SUPPLIED DATA:
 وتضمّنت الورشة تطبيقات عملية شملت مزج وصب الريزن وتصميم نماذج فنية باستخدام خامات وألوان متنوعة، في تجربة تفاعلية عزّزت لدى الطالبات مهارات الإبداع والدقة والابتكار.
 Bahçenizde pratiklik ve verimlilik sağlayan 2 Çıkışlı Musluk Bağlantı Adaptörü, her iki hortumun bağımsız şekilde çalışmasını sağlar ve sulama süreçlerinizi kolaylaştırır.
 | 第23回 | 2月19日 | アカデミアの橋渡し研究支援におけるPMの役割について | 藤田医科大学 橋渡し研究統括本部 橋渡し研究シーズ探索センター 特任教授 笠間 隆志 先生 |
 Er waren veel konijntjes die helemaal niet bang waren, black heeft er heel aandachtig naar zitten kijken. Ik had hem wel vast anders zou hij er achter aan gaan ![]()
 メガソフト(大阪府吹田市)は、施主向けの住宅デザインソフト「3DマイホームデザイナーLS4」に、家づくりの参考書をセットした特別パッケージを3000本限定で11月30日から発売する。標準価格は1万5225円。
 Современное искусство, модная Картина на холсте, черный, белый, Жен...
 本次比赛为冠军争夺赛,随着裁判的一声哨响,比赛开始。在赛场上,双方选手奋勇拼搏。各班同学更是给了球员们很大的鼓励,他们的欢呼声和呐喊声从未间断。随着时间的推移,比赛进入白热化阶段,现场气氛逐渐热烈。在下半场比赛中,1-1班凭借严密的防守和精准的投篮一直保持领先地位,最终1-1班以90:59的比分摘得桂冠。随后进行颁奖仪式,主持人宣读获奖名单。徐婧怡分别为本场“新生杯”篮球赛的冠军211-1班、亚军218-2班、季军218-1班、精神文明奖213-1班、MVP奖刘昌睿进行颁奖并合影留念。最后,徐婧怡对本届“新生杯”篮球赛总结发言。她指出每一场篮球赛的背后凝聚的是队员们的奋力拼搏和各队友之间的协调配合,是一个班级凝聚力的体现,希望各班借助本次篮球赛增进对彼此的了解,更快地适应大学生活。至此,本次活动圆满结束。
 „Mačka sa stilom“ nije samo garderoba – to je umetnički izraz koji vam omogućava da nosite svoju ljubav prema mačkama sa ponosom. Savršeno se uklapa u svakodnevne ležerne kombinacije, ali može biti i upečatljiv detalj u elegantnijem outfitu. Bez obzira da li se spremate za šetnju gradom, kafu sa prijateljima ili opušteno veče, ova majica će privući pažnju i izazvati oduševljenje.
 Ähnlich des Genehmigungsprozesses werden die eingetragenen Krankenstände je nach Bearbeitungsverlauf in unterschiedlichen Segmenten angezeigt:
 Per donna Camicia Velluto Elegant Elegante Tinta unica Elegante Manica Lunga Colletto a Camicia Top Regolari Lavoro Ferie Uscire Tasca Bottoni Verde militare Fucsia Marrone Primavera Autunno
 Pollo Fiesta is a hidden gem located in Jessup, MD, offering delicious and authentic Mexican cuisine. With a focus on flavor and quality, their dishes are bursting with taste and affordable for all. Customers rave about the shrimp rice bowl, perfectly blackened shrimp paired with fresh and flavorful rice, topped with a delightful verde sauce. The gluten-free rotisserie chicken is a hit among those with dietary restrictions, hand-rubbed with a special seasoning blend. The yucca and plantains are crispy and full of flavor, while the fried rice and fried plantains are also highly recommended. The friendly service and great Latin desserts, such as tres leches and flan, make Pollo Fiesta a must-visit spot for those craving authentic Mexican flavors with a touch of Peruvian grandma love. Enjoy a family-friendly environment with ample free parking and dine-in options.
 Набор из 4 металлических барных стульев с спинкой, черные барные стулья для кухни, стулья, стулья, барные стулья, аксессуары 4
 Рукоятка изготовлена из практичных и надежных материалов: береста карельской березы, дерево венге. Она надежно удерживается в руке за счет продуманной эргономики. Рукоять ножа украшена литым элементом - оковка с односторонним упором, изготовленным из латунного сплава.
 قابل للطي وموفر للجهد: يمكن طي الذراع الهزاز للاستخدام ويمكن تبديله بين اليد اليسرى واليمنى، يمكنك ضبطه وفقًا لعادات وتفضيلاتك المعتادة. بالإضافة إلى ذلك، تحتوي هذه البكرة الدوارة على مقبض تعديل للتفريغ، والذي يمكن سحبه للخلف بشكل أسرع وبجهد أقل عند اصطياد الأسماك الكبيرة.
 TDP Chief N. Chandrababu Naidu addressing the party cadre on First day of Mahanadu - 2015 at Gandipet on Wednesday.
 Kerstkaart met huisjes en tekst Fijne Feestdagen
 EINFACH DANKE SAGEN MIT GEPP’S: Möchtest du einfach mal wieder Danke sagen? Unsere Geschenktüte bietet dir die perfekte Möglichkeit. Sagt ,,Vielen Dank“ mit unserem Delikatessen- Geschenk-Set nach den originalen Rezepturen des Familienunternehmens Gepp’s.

EXERCISE AIM:
Retype the whole listing exactly.

SOLUTION TO THIS PROBLEM:
 وتضمّنت الورشة تطبيقات عملية شملت مزج وصب الريزن وتصميم نماذج فنية باستخدام خامات وألوان متنوعة، في تجربة تفاعلية عزّزت لدى الطالبات مهارات الإبداع والدقة والابتكار.
 Bahçenizde pratiklik ve verimlilik sağlayan 2 Çıkışlı Musluk Bağlantı Adaptörü, her iki hortumun bağımsız şekilde çalışmasını sağlar ve sulama süreçlerinizi kolaylaştırır.
 | 第23回 | 2月19日 | アカデミアの橋渡し研究支援におけるPMの役割について | 藤田医科大学 橋渡し研究統括本部 橋渡し研究シーズ探索センター 特任教授 笠間 隆志 先生 |
 Er waren veel konijntjes die helemaal niet bang waren, black heeft er heel aandachtig naar zitten kijken. Ik had hem wel vast anders zou hij er achter aan gaan ![]()
 メガソフト(大阪府吹田市)は、施主向けの住宅デザインソフト「3DマイホームデザイナーLS4」に、家づくりの参考書をセットした特別パッケージを3000本限定で11月30日から発売する。標準価格は1万5225円。
 Современное искусство, модная Картина на холсте, черный, белый, Жен...
 本次比赛为冠军争夺赛,随着裁判的一声哨响,比赛开始。在赛场上,双方选手奋勇拼搏。各班同学更是给了球员们很大的鼓励,他们的欢呼声和呐喊声从未间断。随着时间的推移,比赛进入白热化阶段,现场气氛逐渐热烈。在下半场比赛中,1-1班凭借严密的防守和精准的投篮一直保持领先地位,最终1-1班以90:59的比分摘得桂冠。随后进行颁奖仪式,主持人宣读获奖名单。徐婧怡分别为本场“新生杯”篮球赛的冠军211-1班、亚军218-2班、季军218-1班、精神文明奖213-1班、MVP奖刘昌睿进行颁奖并合影留念。最后,徐婧怡对本届“新生杯”篮球赛总结发言。她指出每一场篮球赛的背后凝聚的是队员们的奋力拼搏和各队友之间的协调配合,是一个班级凝聚力的体现,希望各班借助本次篮球赛增进对彼此的了解,更快地适应大学生活。至此,本次活动圆满结束。
 „Mačka sa stilom“ nije samo garderoba – to je umetnički izraz koji vam omogućava da nosite svoju ljubav prema mačkama sa ponosom. Savršeno se uklapa u svakodnevne ležerne kombinacije, ali može biti i upečatljiv detalj u elegantnijem outfitu. Bez obzira da li se spremate za šetnju gradom, kafu sa prijateljima ili opušteno veče, ova majica će privući pažnju i izazvati oduševljenje.
 Ähnlich des Genehmigungsprozesses werden die eingetragenen Krankenstände je nach Bearbeitungsverlauf in unterschiedlichen Segmenten angezeigt:
 Per donna Camicia Velluto Elegant Elegante Tinta unica Elegante Manica Lunga Colletto a Camicia Top Regolari Lavoro Ferie Uscire Tasca Bottoni Verde militare Fucsia Marrone Primavera Autunno
 Pollo Fiesta is a hidden gem located in Jessup, MD, offering delicious and authentic Mexican cuisine. With a focus on flavor and quality, their dishes are bursting with taste and affordable for all. Customers rave about the shrimp rice bowl, perfectly blackened shrimp paired with fresh and flavorful rice, topped with a delightful verde sauce. The gluten-free rotisserie chicken is a hit among those with dietary restrictions, hand-rubbed with a special seasoning blend. The yucca and plantains are crispy and full of flavor, while the fried rice and fried plantains are also highly recommended. The friendly service and great Latin desserts, such as tres leches and flan, make Pollo Fiesta a must-visit spot for those craving authentic Mexican flavors with a touch of Peruvian grandma love. Enjoy a family-friendly environment with ample free parking and dine-in options.
 Набор из 4 металлических барных стульев с спинкой, черные барные стулья для кухни, стулья, стулья, барные стулья, аксессуары 4
 Рукоятка изготовлена из практичных и надежных материалов: береста карельской березы, дерево венге. Она надежно удерживается в руке за счет продуманной эргономики. Рукоять ножа украшена литым элементом - оковка с односторонним упором, изготовленным из латунного сплава.
 قابل للطي وموفر للجهد: يمكن طي الذراع الهزاز للاستخدام ويمكن تبديله بين اليد اليسرى واليمنى، يمكنك ضبطه وفقًا لعادات وتفضيلاتك المعتادة. بالإضافة إلى ذلك، تحتوي هذه البكرة الدوارة على مقبض تعديل للتفريغ، والذي يمكن سحبه للخلف بشكل أسرع وبجهد أقل عند اصطياد الأسماك الكبيرة.
 TDP Chief N. Chandrababu Naidu addressing the party cadre on First day of Mahanadu - 2015 at Gandipet on Wednesday.
 Kerstkaart met huisjes en tekst Fijne Feestdagen
 EINFACH DANKE SAGEN MIT GEPP’S: Möchtest du einfach mal wieder Danke sagen? Unsere Geschenktüte bietet dir die perfekte Möglichkeit. Sagt ,,Vielen Dank“ mit unserem Delikatessen- Geschenk-Set nach den originalen Rezepturen des Familienunternehmens Gepp’s.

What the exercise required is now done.